Auf Makhahs Zischen hin blinzelte sie und hob den Kopf. Sein Anblick ließ sie hart schlucken. Er sah wie ein Teufel aus ... Sein Antlitz war wutverzerrt und seine Augen funkelten gefährlich. Durch das Feuer im Kamin verschwommen seine Konturen mit dem Hintergrund, dennoch erkannte sie die Anspannung seiner Muskeln. Der Abstand zwischen ihnen war so dünn wie ein Messer und sie machte sich darauf gefasst, ein weiteres Mal geschlagen zu werden.
„Schweig, oder ich reiße dir die Zunge raus, Weib! Ich bin das Oberhaupt des Terikan! Du hast mir überhaupt nichts zu sagen!", spukte Makhah ihr ungehalten ins Gesicht. „Ihr seid alle gleich und versucht, uns Arakis zu euren Gunsten zu verändern!" Grob schob er sie von sich und trat zum Kamin, um das Feuer zu schüren. „Was müssen sich die Götter gedacht haben, mich so mit solch einer Sheikah zu bestrafen?", brauste er auf. Gleichzeitig schlug er mit dem Eisenstück auf das glühende Holz ein, das daraufhin leuchtende Funken in die Höhe spie.

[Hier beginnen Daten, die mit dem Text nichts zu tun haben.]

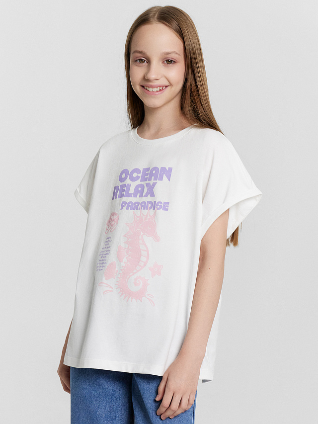 Футболка для девочек белая с принтом и надписью "relax ocean paradise"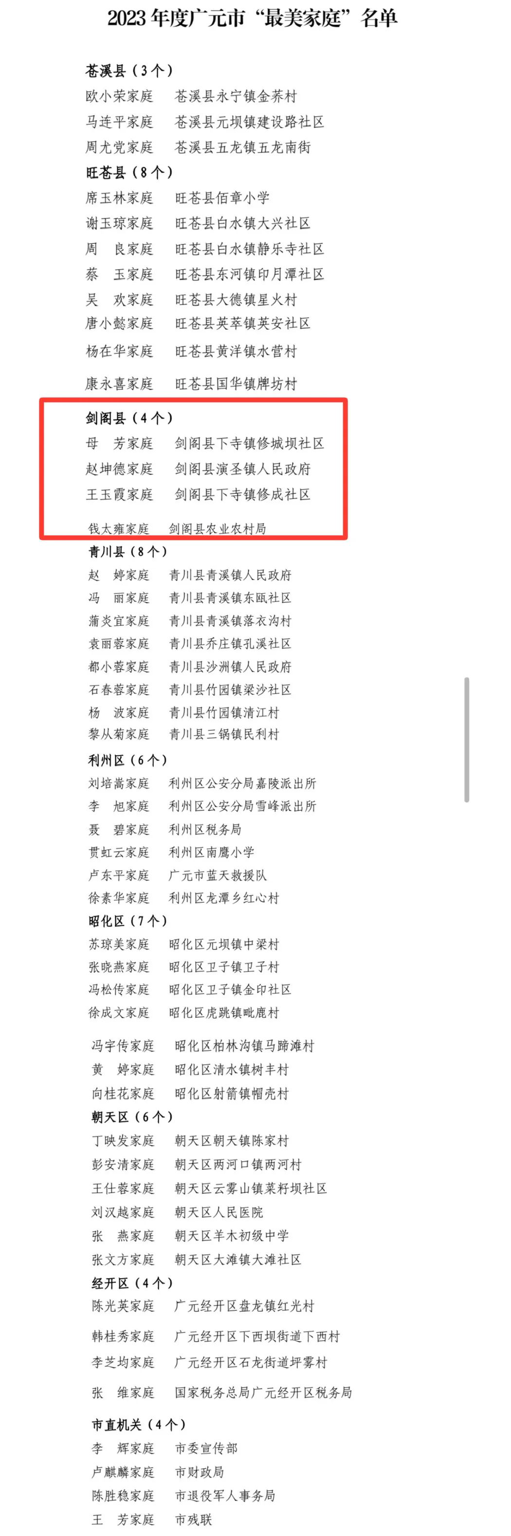 据悉,近年来,广元市持续开展“最美家庭”选树活动。自2018年以来,广元市共评选出322户市级“最美家庭”。其中,获得全国“最美家庭”的有7户,获得四川省“最美家庭”的有43户。

Zitternd und bewegungslos sah Khione ihn mit offenem Mund an, nicht in der Lage, etwas darauf zu erwidern. All die Worte, dass die Frauen den Arakis heilig waren und sie als Shihara eine gewisse Macht besaß, waren nichts als Lüge. Sie war nur dafür zuständig, Nachkommen zu zeugen. Bei allem andere hatte sie keinen Einfluss. Es war eine bittere Erkenntnis, die sie den Blick wieder senken ließ.
Mit Tränen in den Augen und vor sich ineinander gefalteten Händen wich Khione zwei Schritte zurück. Unterwürfig verbeugte sie sich. „Ich werde mich zurückziehen, Shiharu", sagte sie leise, aber deutlich. Während Makhah weiterhin wütete und ihr keine Beachtung mehr schenkte, verließ sie enttäuscht die Empfangshalle.
Der Gang war leer und lag in völliger Dunkelheit. Einen Augenblick stellte sich Khione ans Fenster und sah in die Nacht hinaus. Wie hatte sie nur glauben können, Makhah hätte sich ins Positive verändert? Er hatte sie erneut geschlagen und ihr deutlich zu verstehen gegeben, was er von ihr hielt. Nie würde er sie als seine Frau akzeptieren, egal, was sie tat. In Zukunft würde sie sich hüten, jemals wieder einen Rat, eine Idee oder ihre Sorge auszusprechen.